A car of mass 1100 kg starts from rest at sea level and climbs a hill of altitude 50 m. At the
top of the hill the car has a speed of 25 m/s. From the top of the hill the driver turns off the
engine and coasts down to an altitude of 15 m. Assume the friction and the air resistance to be
negligibly small.
A. What is the speed of the car when the altitude is 15m?
B. ) After passing the altitude of 15m, the driver climbs up again, without turning the engine on. In
this case, the speed of the car would be zero at an altitude of _____?
mass is irrelevant - cancels everywhere
Energy at top = m g h + (1/2) m v^2
= (9.8 * 50 + 625/2)m
= 803 m Joules
Energy at 15 = m ( 9.8*15 + v^2/2) = 803 m
v^2/2 = 656
v = 36.2 m/s
coasting up fro 15, still same total energy
m g h =803 m
9.8 h = 803
h = 81.9 meters
Thanks!!
15m/s to 81.9meters
To solve this problem, we can use the principles of conservation of energy.
A. To find the speed of the car when the altitude is 15m, we need to first calculate the potential energy at the top of the hill and convert it to kinetic energy at a lower altitude.
The potential energy (PE) of an object at a certain altitude is given by the equation: PE = mgh, where m is the mass, g is the acceleration due to gravity, and h is the altitude.
Given that the mass of the car is 1100 kg, the altitude is 50m, and neglecting air resistance and friction, we can calculate the initial potential energy at the top of the hill:
PE1 = mgh = (1100 kg)(9.8 m/s^2)(50 m) = 539,000 J
Now, using the principle of conservation of energy, we know that the total mechanical energy of the system (car) is conserved. Therefore, the sum of the potential energy and the kinetic energy at the top of the hill is equal to the sum of the potential energy and the kinetic energy at the lower altitude.

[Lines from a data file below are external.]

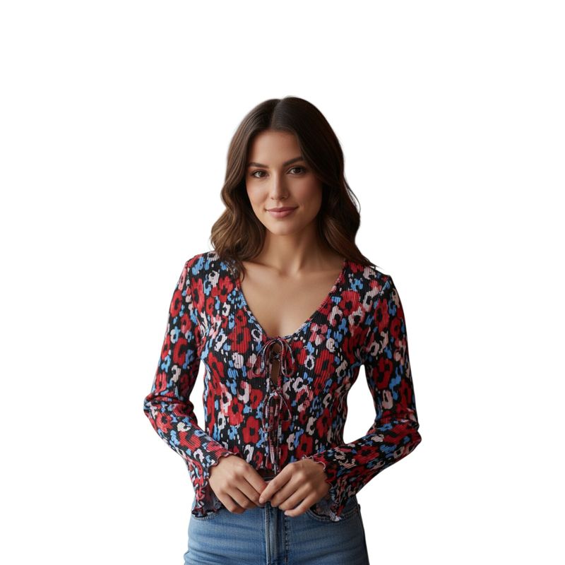 Bluză Multicoloră cu Imprimeu Floral și Șnur 24POS47E64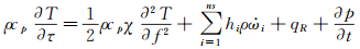where ρ, τ, T, p and cp refer to the density, time, temperature, pressure and specific heat capacity respectively; Yi,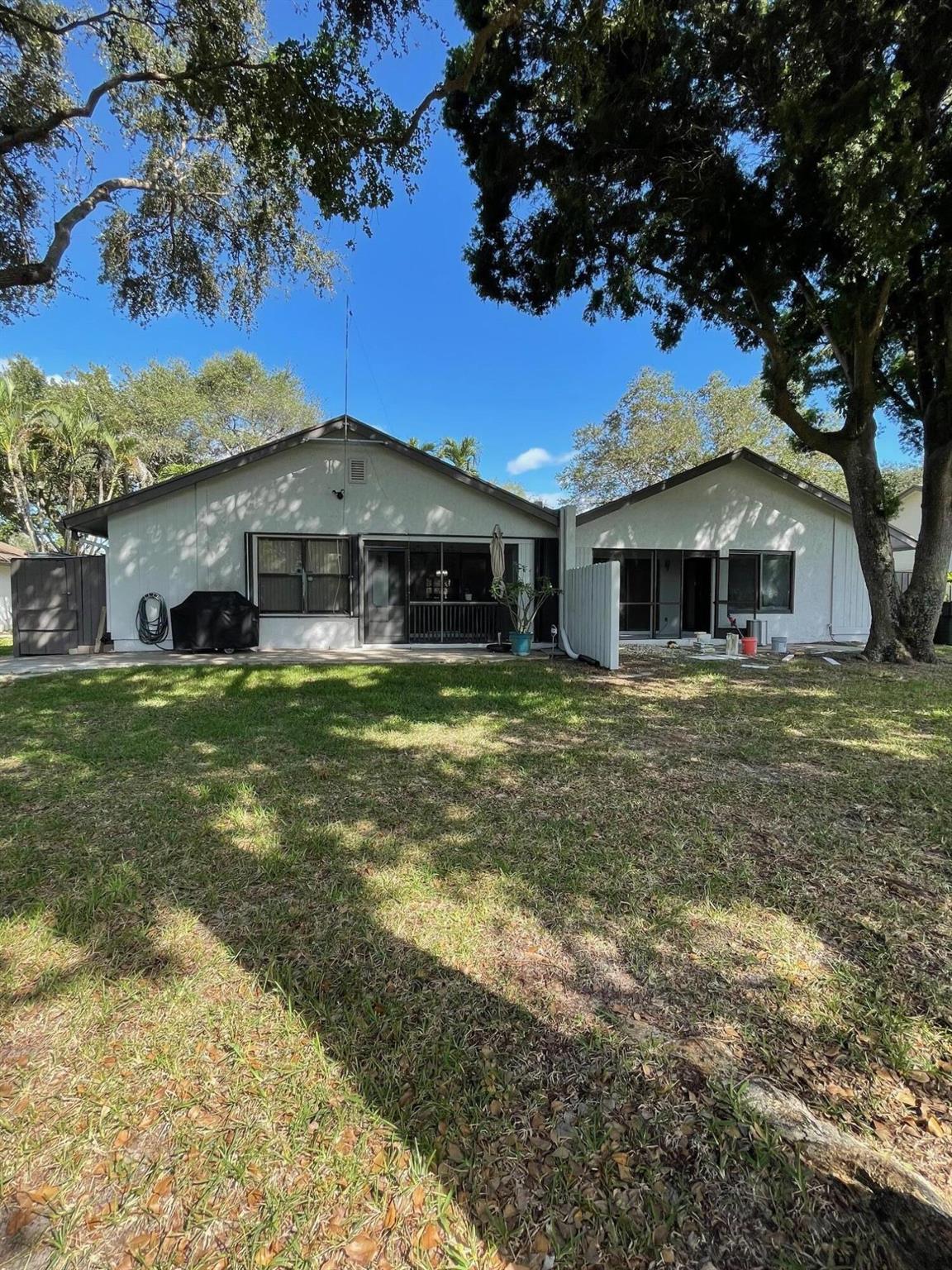 Beautiful 2/2 Villa with Vaulted Ceiling, Ceramic Italian tile throughout. Spacious Split Floor Plan, Screened Patio and an Outdoor Patio with a garden view. Many recent updates include: Elect. Panel, Wood Kitchen Cabinetry with under and top lighting, SS Appliances, Master and Guest Baths, new A/C, and washer. Need extra space? This unit has pulldown stairs for easy attic access. Low HOA fee that includes Lawn, Basic Cable, Trash Removal, Exterior Painting, Clubhouse that includes free WiFi, Screened in pool, tennis and Pickleball courts. Very Pet Friendly Community. Not too far from the Beach! Easy access to both Turnpike and I-95. Walking distance to Shopping, Restaurants and places of Worship. Like to Golf? Plenty of that nearby. Downtown Delray a few minutes drive away.Move in ready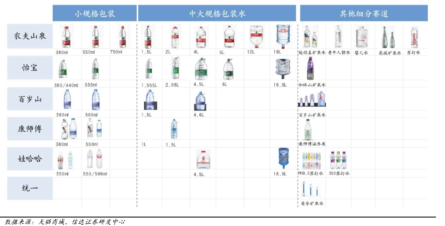 根據(jù)信達(dá)證券的統(tǒng)計,農(nóng)夫山泉在中大規(guī)格包裝水的產(chǎn)品布局最為細(xì)致,從1.5L-19L之間配置了6款產(chǎn)品,可以更好地滿足不同訴求的消費者。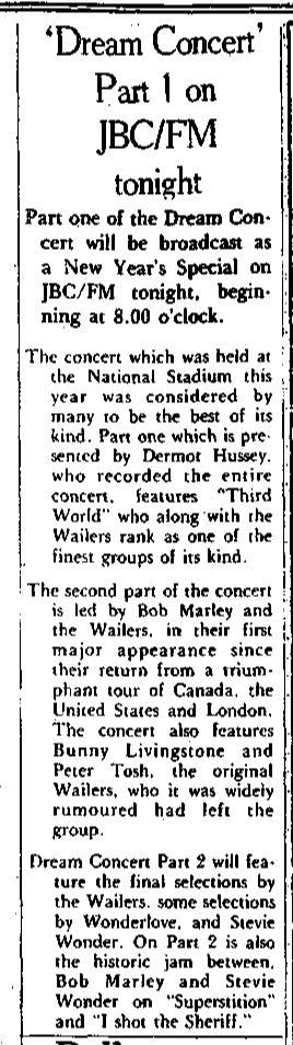 I have included four articles from the Jamaica Gleaner, the islands leading newspaper. These articles profile the Wonder Dream Concert over several weeks leading up to the show on October 4, 1975.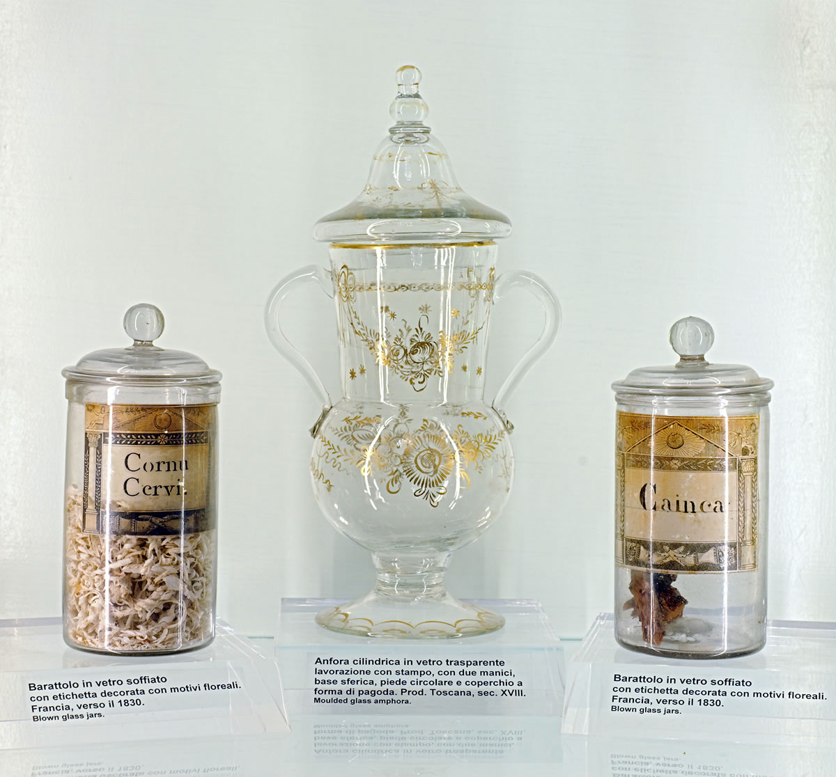 Il vetro, materiale facilmente modellabile, si è sempre prestato per realizzare le dotazioni della farmacia, compresi numerosi strumenti per il laboratorio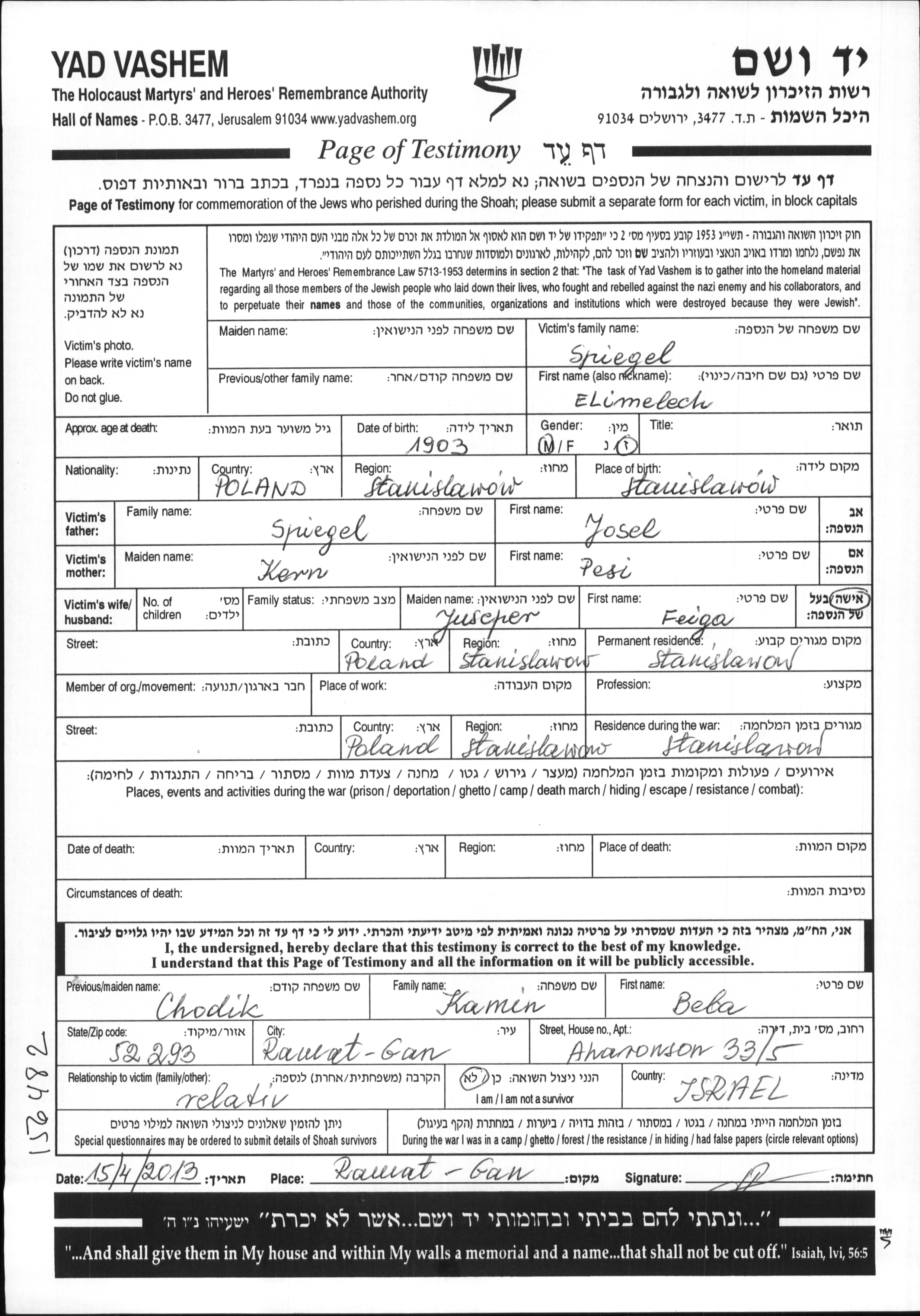Элимелех Шпигель, место рождения: Станиславув, Польша. Отец: Йосел, mать:Песи, девичья фамилия Керн. Женат / замужем. Место жительства до войны: Станиславув, Польша. Место во время войны: Станиславув, Польша.

At the top of the hill, the car has a speed (v1) of 25 m/s and zero potential energy. Therefore, the total mechanical energy at the top of the hill is:
ME1 = KE1 + PE1 = 0 + 539,000 J = 539,000 J
At the altitude of 15m, the potential energy (PE2) is given by:
PE2 = mgh = (1100 kg)(9.8 m/s^2)(15 m) = 161,700 J
Since air resistance and friction are negligible, the total mechanical energy at this lower altitude is:
ME2 = KE2 + PE2
Therefore, the kinetic energy (KE2) at the lower altitude can be calculated as:
KE2 = ME2 - PE2 = 539,000 J - 161,700 J = 377,300 J
Using the equation for kinetic energy, KE = 1/2 mv^2, we can solve for the speed (v2) at the altitude of 15m:
1/2 mv2^2 = 377,300 J
Simplifying the equation:
v2^2 = (2 * 377,300 J) / (1100 kg) = 686 m^2/s^2
Taking the square root of both sides to solve for v2:
v2 ≈ 26.2 m/s
Therefore, the speed of the car when the altitude is 15m is approximately 26.2 m/s.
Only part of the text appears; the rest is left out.